BattleTech Fanon Wiki
Advertisement
Tall Tales (Chapter Cover Art)


Story By JA Baker & Canonshop[]

The Far Shore
Facts
Author JA Baker & Cannonshop
Series Name Tall Tales
Alternate Universe Name
Year Written October 12th, 2020
Story Era Unspecified





How far out do you think the Periphery goes?

The Joradian Cluster, one of the most far-flung astronomical features to be depicted on maps, is almost 1,900 light years from Terra. Beyond that, Perdition's Flames are generally agreed to be the most distant object anyone has ever visited and come back, in body if not mind.

So, less than two 2,000 light-years, which isn't all that bad, considering the 30 light-year safe limit on a KF jump. The further out you go, the more scattered and isolated the colonies and outpost become, the less frequent, and less reliable the JumpShips are. If you keep going, you eventually reach a point where you're alone amid the outer darkness, with nothing to keep you company but the light of distant suns.

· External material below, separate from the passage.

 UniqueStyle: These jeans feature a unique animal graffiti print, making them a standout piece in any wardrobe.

It's quite out there, beyond the reach of radios and even HPG's, the kind of quiet that the Inner Sphere hasn't known for centuries. Gives you time to think, reflect upon some of your life choices, all be it mostly the ones that led you to be so far out.

But, if you can hold your nerve and steel your heart, and keep going, something truly remarkable starts to happen.

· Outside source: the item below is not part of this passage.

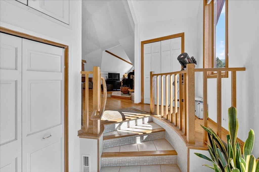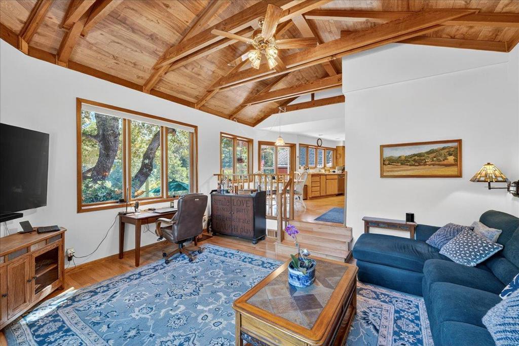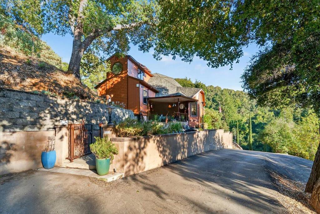 Dreaming of mountain living while working in Silicon Valley? Discover your solution! Nestled on 4.87 acres in a historic hidden valley east of Loma Prieta with breathtaking 180-degree canyon views, this 3,095 sqft home offers sustainable living, high-speed internet, with a fully automated solar power system and backup generator. At nine hundred feet above the valleys fog, haze, and noise, the home is bathed in natural light from expansive windows framing panoramic vistas. It features a detached RV-ready garage, a spacious workshop, and versatile outbuildings for hobbies or storage. Inside, hardwood floors, soaring ceilings, and an open floor plan create an airy, inviting atmosphere, complimented by amazing acoustics, an inspiring art studio, and an office/library. The kitchen features a gas range, double oven, stainless steel appliances, and generous counter space. Relax by the wood-burning fireplace or step onto the expansive patios under a beautiful oak tree to savor coffee or wine as the sun sets over the hills. This rare blend of privacy, craftsmanship, and natural beauty offers more than a home, its a lifestyle. Experience mountain serenity every day. All within easy reach of Silicon Valley.

You find more worlds, more colonies. Sure, one or two are the result of freak hyperspace accidents, like Idrium supposedly sits at the far end of, but then you start to hear things things that don't tally with our understanding of history.

Because, if you go far enough in the right direction, you start to discover that we're not only not the only nations out here, not just little two-to-twelve world 'baby empires'. Big empires. Federated Suns big, Free Worlds League big.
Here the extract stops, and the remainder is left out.